Death of a President (2006) - Synopsis

Winner of the International Critics' Prize at the Toronto Film Festival, DEATH OF A PRESIDENT is conceived as a fictional TV documentary broadcast in 2008, reflecting on another monstrously despicable and cataclysmic event: the assassination of President George W. Bush on October 19th, 2007. The "documentary" combines archival footage and carefully composed interviews, presented in a respectful and dignified manner. Exciting and questioning, it refashions the event into a riveting story.

The film opens with the ferocious energy of a Tarantino or Oliver Stone movie, as frenetically edited archival footage thrusts us into a raging crowd of protesters, waiting for President Bush's procession. The President is portrayed as a sympathetic and likable man beloved by those close to him and charming to his followers. As the President gives a patriotic speech inside a hotel, the demonstrators' fury increases to the breaking point. The tension mounts until the horrible instant where the President is assassinated.

After the assassination, the film shifts into the style of a mystery, and follows the FBI's hunt for the assassin. All the suspects are interviewed except one Syrian man who is convicted and put on death row. There is much circumstantial evidence against him. But is he guilty of the crime? Or does his being Middle Eastern provide a convenient excuse to label the death of the President as an Act of Terror?

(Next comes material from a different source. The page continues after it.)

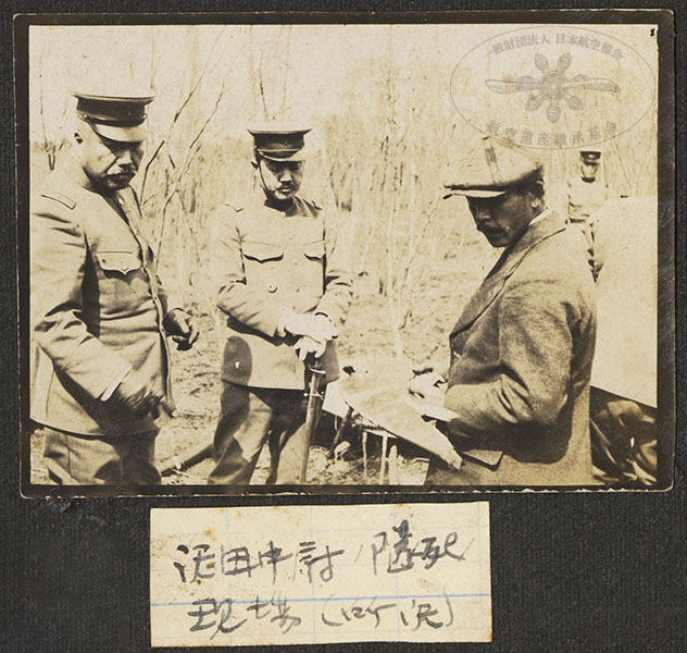 112/316枚目 画像ファイル名:SA-001_p.22-08.jpg 【オリジナルキャプション】 沢田中尉ノ墜死現場(所沢) 1917(大正6)年3月8日頃、埼玉 所沢。1917(大正6)年3月8日頃、埼玉 所沢。沢田秀が設計し、操縦していた会式七号小型飛行機の墜落した状況について説明を受けている様子。 |

Director Gabriel Range previously used the device of a "retrospective documentary" in his celebrated 2003 film "The Day Britain Stopped," about a chain of events that led to a breakdown of the country's transport system and nearly a hundred fatalities. Both of these films have been acclaimed for the technical virtuosity with which they combine archival footage and filmed scenes to create disturbingly real visions of catastrophes.

"Death of a President" was honored by The International Critics Prize Jury (FIPRESCI) at Toronto for "the audacity with which it distorts reality, to reveal a larger truth."